Initialization

Now that you have decided the subsystems that you want to train your NNP on and prepared all the required files you can initialize the ArcaNN procedure by running (from the $WORK_DIR folder):

python -m arcann_training initialization start

Now it should have generated your first 000-training directory. In $WORK_DIR you will also find a default_input.json file that lools like this :

{
    "step_name": "initialization",
    "systems_auto": ["SYSNAME1", "SYSNAME2", "SYSNAME3"],
    "nnp_count": 3
}

The "systems_auto" keyword contains the name of all the systems that were found in your $WORK_DIR/user_files/ (i.e. all LMP files) directory and "nnp_count" is the number of NNP that is used by default in the committee.

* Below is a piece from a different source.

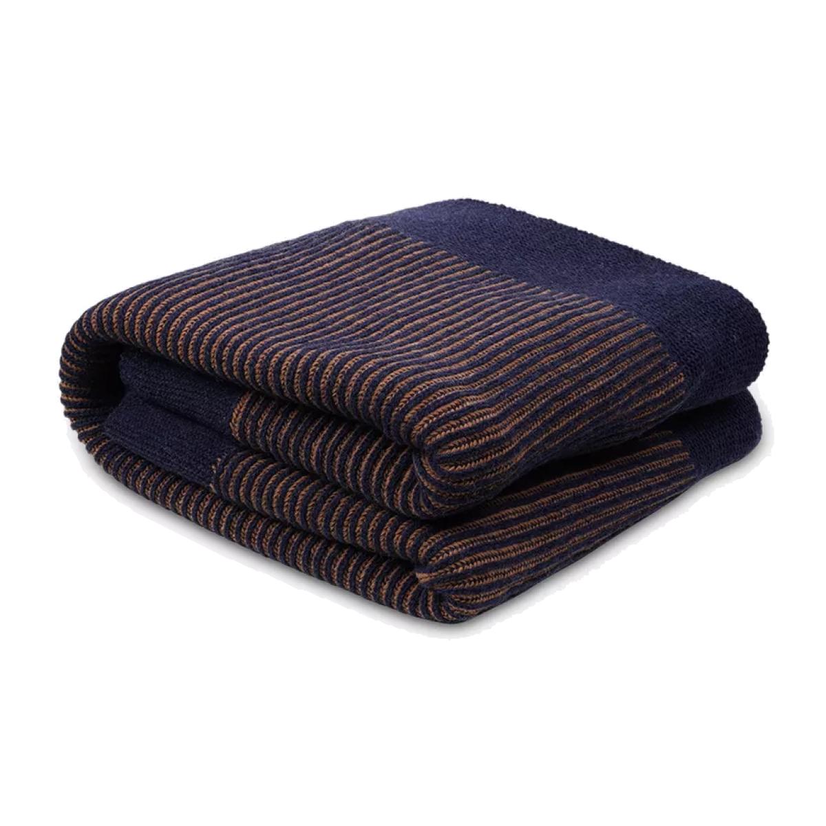 This blanket is a versatile piece that adds both texture and warmth to a variety of interiors. I love how the stripped wool blend knit offers a classic yet slightly relaxed aesthetic, making it well-suited for cosy living rooms or bedroom throws where a touch of comfort is key. It works particularly well in neutral or navy colour schemes, providing a subtle pattern that enhances layered textiles without overwhelming them. For styling, drape it over the edge of a sofa or bed to create a curated, lived-in look, or fold neatly for an approachable, tailored appearance. It’s practical too - easy to grab for chilly evenings or lounging, adding warmth without fuss.

The initialization will create several folders. The most important one is the control/ folder, in which essential data files will be stored throughout the iterative procedure. These files will be written in .json format and should NOT be modified. Right after initialization the only file in control/ is config.json, which contains the essential information about your initialization choices (or defaults), such as your subsystem names and options. Finally the 000-training empty folder should also have been created by the execution of the python script, where you will perform the first iteration of training.

If at this point you want to modify the datasets used for the first training you simply have to create an input.json from the default_input.json file and remove or add the system names to the list. You could also change the number of NNP if you wish. Then you only have have to execute the command of the initialization phase again and your 000-training directory will be updated.